Write out the listing below character for character, though without its pictures.

> _Given data_
*** Block opens ***
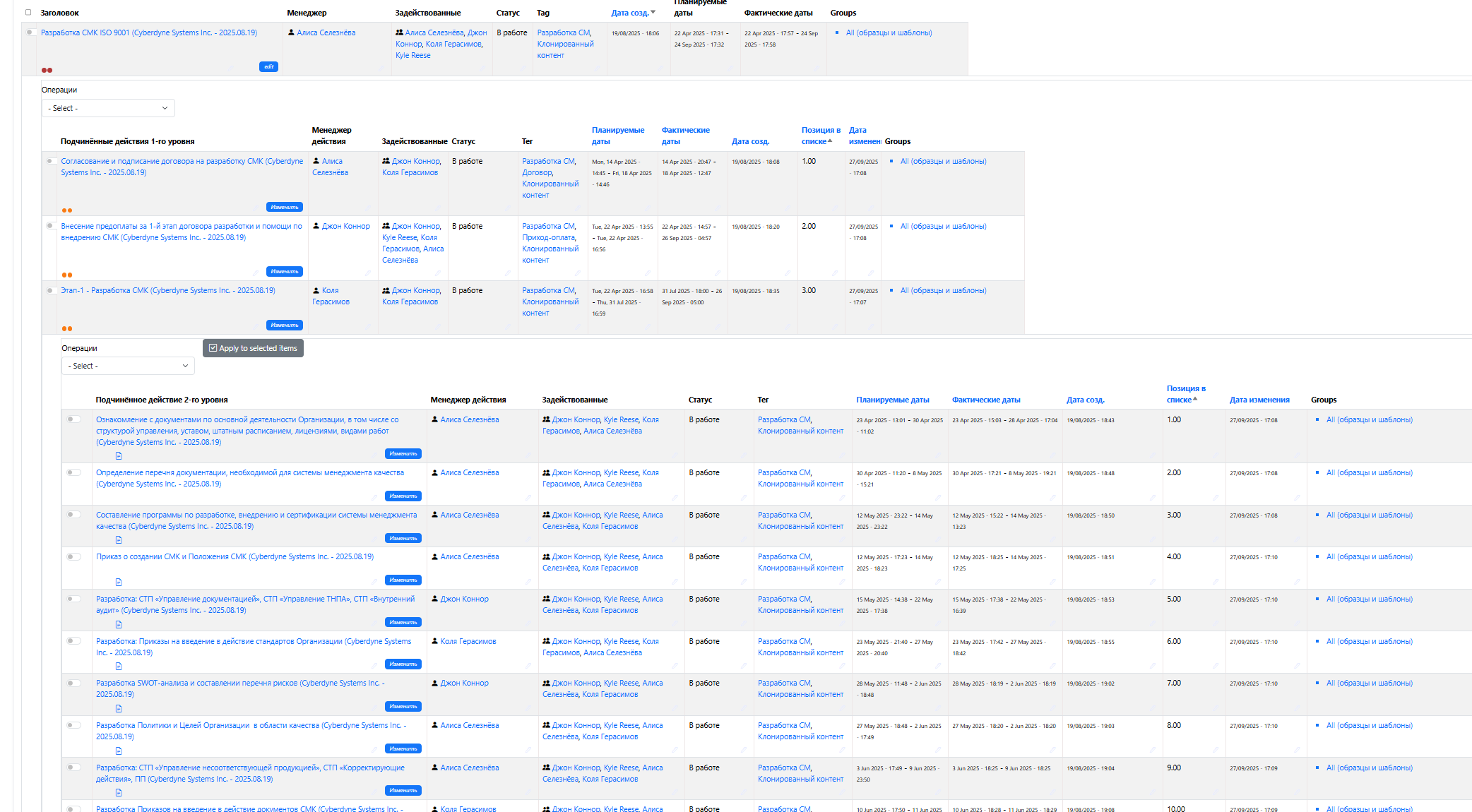 Образец (шаблон) проекта в ERP.Znaem.by по внедрению СМК ISO 9001 на предприятии (только для зарегистрированных) по ссылке: https://erp.znaem.by/ru/node/1637
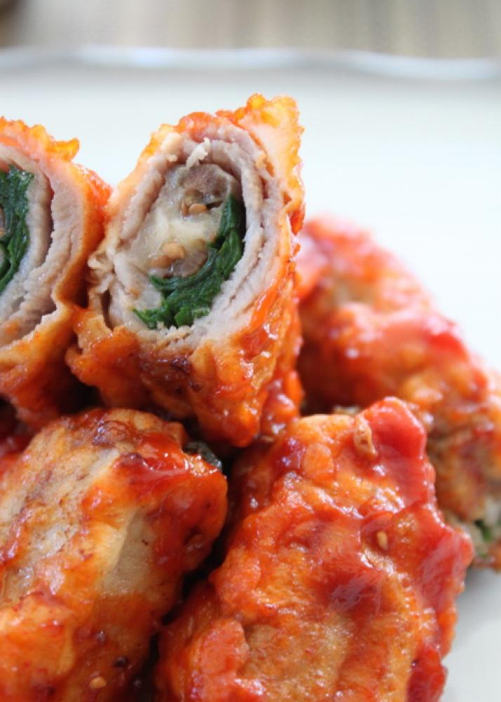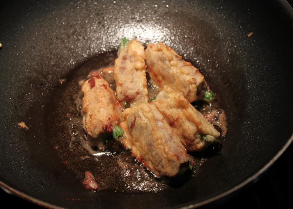 ![]() 大さじ2の油を熱し、つけ衣用の卵、米粉、小麦粉を合わせたものに、3.をくぐらせて揚げ焼きをする。
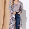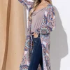 Printed Kimono Open Front Longline Cardigan – Aztec
*** Block closes ***
> _Solution to this task_
 Образец (шаблон) проекта в ERP.Znaem.by по внедрению СМК ISO 9001 на предприятии (только для зарегистрированных) по ссылке: https://erp.znaem.by/ru/node/1637
 ![]() 大さじ2の油を熱し、つけ衣用の卵、米粉、小麦粉を合わせたものに、3.をくぐらせて揚げ焼きをする。
 Printed Kimono Open Front Longline Cardigan – Aztec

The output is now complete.